Hey, I have no problem with any of those guys. Steele was terrific last year, Hendricks is an all-time Cubs great and Shōta’s cool as hell (and if the homers are mostly solo bombs he’ll probably be OK), but even if Taillon weren’t hurt, this sure seems like a rotation that could have used a proven MLB veteran addition to it, and Drew Smyly and his 5.62 ERA as a starter last year isn’t it. I don’t care how heavy the balls he was tossing at Driveline were this offseason.

Snell appears to be consigned to a one year deal with options and then a fresh crack at a big payday next year, but Montgomery still seems to think he can get a five-year deal. And, if Montgomery has to settle for a one-plus deal he has said he’d like that to be with the Rangers.
There’s still significant risk in signing either even if they both agree to short deals.
Say you sign Snell to a one-year, $30 million deal with a $25 million player option. What you’re really signing up for is that you’ll pay him $30 million if he’s good in 2024 (which would be fine) but $55 million if he’s bad or gets hurt. It’s the same risk the Giants took a couple of years ago with Carlos Rodon.
They paid Rodon $27 million in 2022 and he was very good, going 14-8 with a 2.88 ERA and 237 strikeouts in 178 innings. He made all 31 starts and opted out of another $27 million in 2023 to sign a six-year, $162 million deal with the Yankees. It worked out great for everybody, right?
Well, not the Yankees, at least so far. Rodon got hurt before he ever pitched for them and didn’t finally make his Yankees debut for until July 7. Then he posted a 6.85 ERA in 14 starts.
You can tell yourself that Rodon was a bigger risk than Snell or Montgomery because he had a pretty extensive injury history (and they don’t).
But every healthy pitcher is a pitch away from being a not-healthy pitcher.
The Cubs became the likely favorites in the NL Central when they were able to bring back Bellinger. But even at full strength this isn’t a roster that would stand much of a shot in a five or seven game series with the Barves or Dodgers, or even Phillies. Adding another starter would not only make them even bigger favorites in the division, but it would inch them closer to being a real contender for the shit that really matters.

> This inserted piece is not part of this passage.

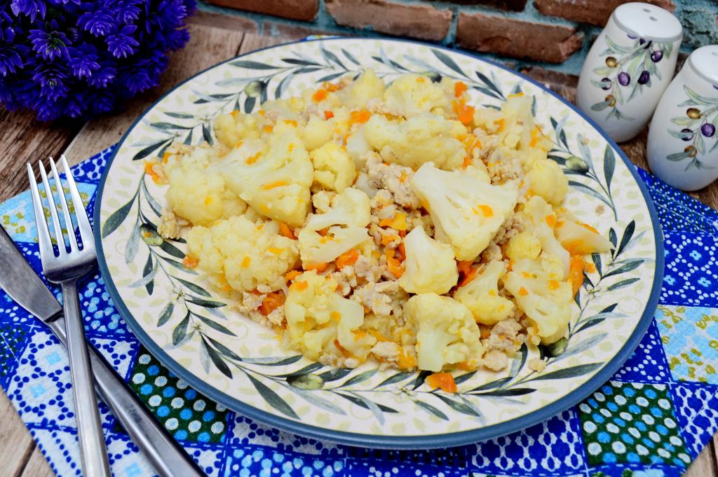 Цветную капусту можно купить практически круглый год. Поэтому я достаточно часто готовлю различные блюда из неё. В этот раз решила поделиться рецептом приготовления цветной капусты с фаршем на сковороде. Блюдо получается сочным, вкусным, аппетитным и достаточно сытным, его можно подать к столу в качестве полноценного обеда или ужина. Фарш можно взять любой (например, из курицы, свинины, индейки или смешанный). Цветная капуста получается нежной, мягкой, она отлично сочетается с сочным фаршем, морковка делает блюдо более ярким. Просто и вкусно, попробуйте!

Snell got a qualifying offer from the Padres so signing him would cost money plus a pick and some draft pool allotment. Montgomery was ineligible for a qualifying offer because the Rangers acquired him in-season from the Cardinals. So he just costs money.
Either way, if your goal is to try to win something, the penalties for signing Snell should not dissuade you.
But if your goal is merely to get one of the six playoff spots in your league and “see what happens” then you don’t even bother.
I wonder which approach the Cubs are taking?